Maximiliano Pellegrino

Personal information
- Full name: Maximiliano Nicolás Pellegrino Luna
- Date of birth: January 26, 1980 (age 45)
- Place of birth: Córdoba Province, Argentina
- Height: 1.89 m (6 ft 2 in)
- Position(s): Centre back

Youth career
- Vélez Sarsfield

Senior career*
- Years: Team / Apps / (Gls)
- 1999–2007: Vélez Sarsfield / 157 / (9)
- 2007–2011: Atalanta / 45 / (2)
- 2010–2011: → Cesena (loan) / 30 / (0)
- 2011–2013: Colón / 55 / (1)
- 2013–2015: All Boys / 60 / (3)
- 2017: Sarmiento de Leones / 19 / (2)

= Maximiliano Pellegrino =

Argentine footballer

Maximiliano Nicolás Pellegrino Luna (born January 26, 1980, in Leones, Córdoba Province) is an Argentine retired footballer, who played as centre back.

==Career==
Before his move to Italy for the start of the 2007–08 season, he had spent his whole professional career for Buenos Aires club Vélez Sarsfield.
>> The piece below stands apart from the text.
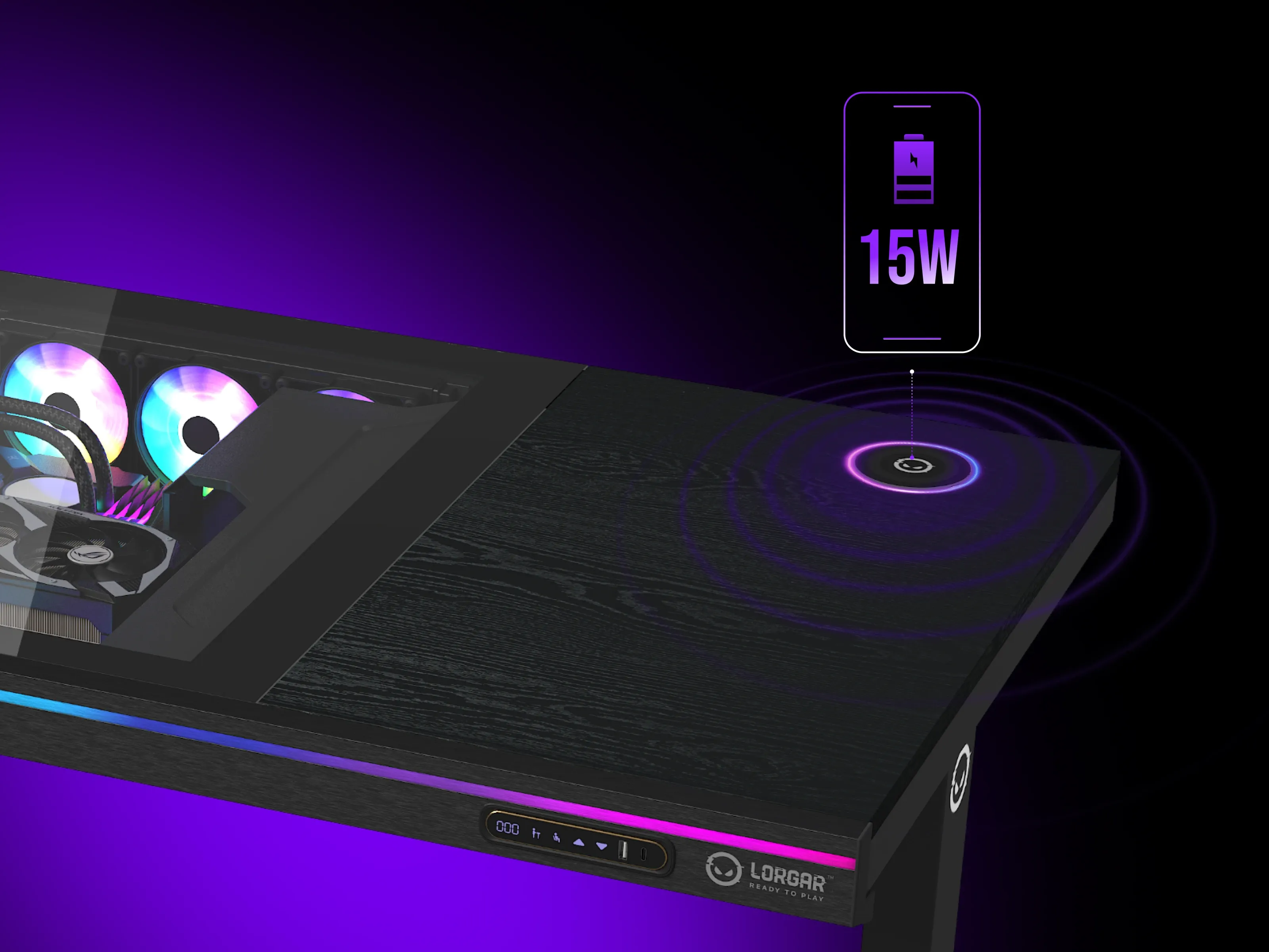 Built-in 15W wireless charging pad eliminates cable clutter for compatible devices. Dedicated USB 1A + 1C ports provide convenient charging for controllers, phones, and accessories. Smart power management ensures reliable charging without interfering with desk operation.
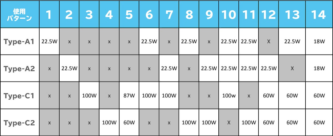 A:1つのUSB−Cポートからは最大87w、もう一つのUSB-Cポートからは最大60wの電力が供給されます。

On 24 June 2010, Atalanta loaned the defender to Cesena along with Fabio Caserta, as part of the deal that sign Ezequiel Schelotto outright.

After the season-long on loan to Cesena, his contract with Atalanta finished, and he was moved to Colón on a free transfer.

==Personal life==
Maximiliano is the younger brother of former Argentina defender Mauricio Pellegrino.